→ What you have to do:
In the listing below, find the line that contains "噪鹃是鹃形目杜鹃科噪鹃属鸟类" and the line that contains "搭配包款肩帶擴充之輕量化肩前". Quote both and every line between them, exactly, and nothing more.

→ Provided entries:
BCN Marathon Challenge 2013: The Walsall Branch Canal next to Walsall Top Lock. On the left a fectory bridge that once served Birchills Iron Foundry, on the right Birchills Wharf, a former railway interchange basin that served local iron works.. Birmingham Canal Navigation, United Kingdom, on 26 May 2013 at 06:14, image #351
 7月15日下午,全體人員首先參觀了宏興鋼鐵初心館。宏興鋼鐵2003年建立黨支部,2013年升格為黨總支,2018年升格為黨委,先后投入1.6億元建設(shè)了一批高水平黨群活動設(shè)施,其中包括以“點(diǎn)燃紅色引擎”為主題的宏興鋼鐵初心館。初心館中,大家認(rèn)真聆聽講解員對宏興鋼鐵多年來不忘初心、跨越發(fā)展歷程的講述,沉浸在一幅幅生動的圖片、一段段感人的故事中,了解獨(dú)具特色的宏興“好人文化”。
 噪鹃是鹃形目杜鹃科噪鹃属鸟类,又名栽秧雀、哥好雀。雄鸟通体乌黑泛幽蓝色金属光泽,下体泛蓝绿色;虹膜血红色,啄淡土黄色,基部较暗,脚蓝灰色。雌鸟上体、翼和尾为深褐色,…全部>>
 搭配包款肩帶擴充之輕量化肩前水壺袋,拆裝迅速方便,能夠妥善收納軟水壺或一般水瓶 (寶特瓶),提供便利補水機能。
* * *
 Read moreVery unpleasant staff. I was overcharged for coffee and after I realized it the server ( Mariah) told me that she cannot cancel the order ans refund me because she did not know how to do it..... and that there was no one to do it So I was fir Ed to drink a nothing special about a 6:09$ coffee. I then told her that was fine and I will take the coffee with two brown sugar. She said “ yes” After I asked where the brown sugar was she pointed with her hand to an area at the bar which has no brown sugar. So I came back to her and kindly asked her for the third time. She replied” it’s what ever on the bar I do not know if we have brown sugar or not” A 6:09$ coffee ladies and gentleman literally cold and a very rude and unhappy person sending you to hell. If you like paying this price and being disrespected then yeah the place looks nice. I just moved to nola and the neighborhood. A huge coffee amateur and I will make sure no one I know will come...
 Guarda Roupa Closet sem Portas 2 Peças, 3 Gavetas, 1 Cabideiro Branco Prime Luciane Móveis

→ Result of the exercise:
 噪鹃是鹃形目杜鹃科噪鹃属鸟类,又名栽秧雀、哥好雀。雄鸟通体乌黑泛幽蓝色金属光泽,下体泛蓝绿色;虹膜血红色,啄淡土黄色,基部较暗,脚蓝灰色。雌鸟上体、翼和尾为深褐色,…全部>>
 搭配包款肩帶擴充之輕量化肩前水壺袋,拆裝迅速方便,能夠妥善收納軟水壺或一般水瓶 (寶特瓶),提供便利補水機能。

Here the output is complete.